Without question, to already have recognized and received unconditional love from a parental figure is to have experienced the type of love that must exist within oneself for the greatest amount of emotional stimulation to be produced from one's family. Additionally, having experienced such love from a family member will ease the further development of healthy feelings involving others outside of the family (and ourselves). Unfortunately, for many of us, such unconditional love is nothing more than an intellectual concept. It is something that we have read about, imagined, recognized in others--but never experienced. Instead, our families have historically been an overwhelming source of conflict and stress, forcing unnatural and/or cataclysmic events into our lives such as adoption; verbal/emotional, physical or sexual abuse; neglect; death/divorce, etc. Additional sources of familial stress might stem from the parenting style in which you were raised: with authoritative, critical and/or perfectionistic parenting styles triggering lifelong issues with anxiety, lack of confidence and overall emotional imbalance/low self-esteem. Or, you may have derived stress from a constant parental pressure to succeed in all areas of your life. For some, after many years of struggling with such "family issues", you may have even made the conscious decision to resign yourself to the fact that you will never have the opportunity to experience the power and positive emotions that can be produced by an association with a healthy family. Which, of course, is a deception…but one that provides a temporary relief over the alternative.

All healthy human beings need to feel loved by someone they would consider to be "family". All healthy human beings need to feel a connection to a parent/parent figure--this sense of "family" is a necessity in life. Can one be happy without ever experiencing it? Yes, but it will take an extraordinary emotional adjustment, with the family being replaced by some other significant nurturing target--like God, or animals. Otherwise, it is not hard to see how the development of relationship addictions and romantic obsessions might be used to balance the enormous emotional burden of not experiencing the unconditional love sought through one's family. Even those adults who go on to connect with their own spouse/children in a deeply emotional way, continue to require a personal connection to their family or origin (whether that family is biological or not is irrelevant). Those who have broken their ties with their family of origin (either through choice or through circumstance) will continue to suffer emotional consequences as a result of this disruption. Granted, the amount of relief gained from the disruption may outweigh the stress that continuing the relationship would have otherwise caused, but stress will be experienced when a person has no healthy connection to their "family of origin"--and their parents, in particular.

Exercise: Families of Origin

What is important in this lesson, is that you take time to examine your feelings towards your family of origin. Not your surface feelings that produce an instant emotional response, but to honestly examine the efforts, intentions and messages that were communicated to you throughout your life span from important family members--especially those fulfilling a parental role. To spend some time considering the amount of emotional stress/relief that your family of origin has produced throughout your life.

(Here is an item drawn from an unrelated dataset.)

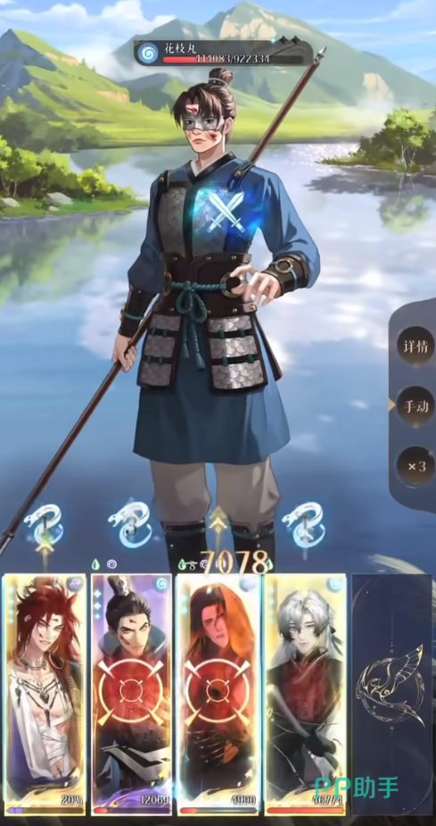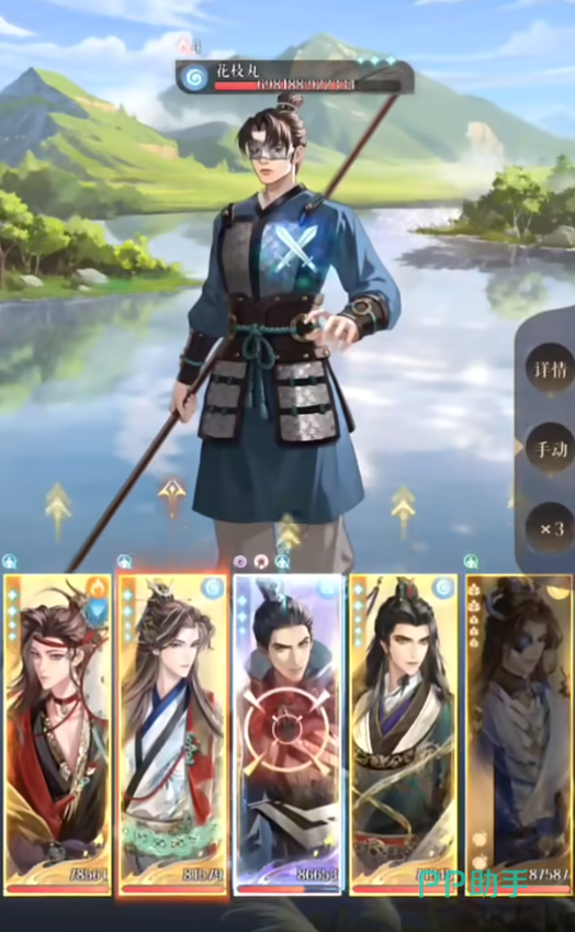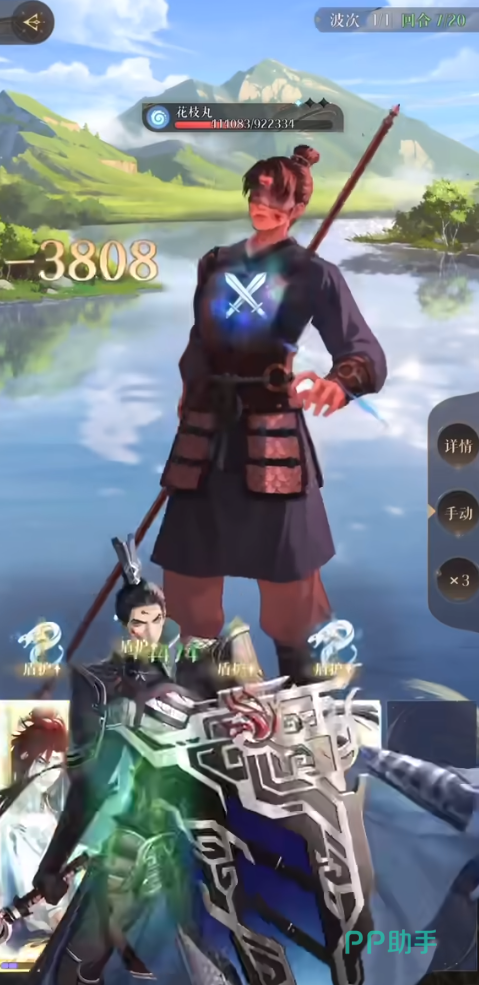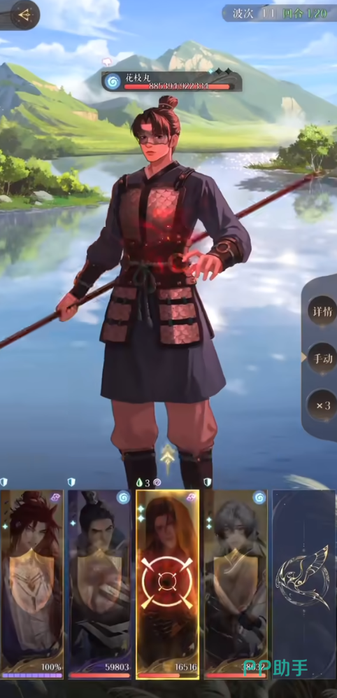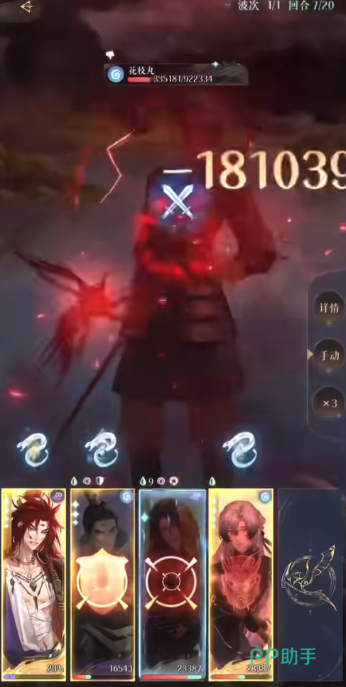 第1回合开局张鲁将巨浪debuff,传递给3号位置的张角,4号位置的王粲全程防御,不建议开大招。张角大招能量非常短,可以不断刷大招。因为花枝丸boss有两条命,第1条血条磨掉之前都可以使用以上的步骤。

Spend fifteen minutes thinking about the role your family has played in your life. Don't write, don't watch TV, don't do anything but think about your own family of origin. As you think, consider the following:

1) What does unconditional love mean to you, and have you ever experienced it? From whom? Towards whom?

2) How did the parental style in which you were raised affect you both positively/negatively?

When you have finished, discuss your thoughts with someone you trust. And/or, post them in the support forum for feedback.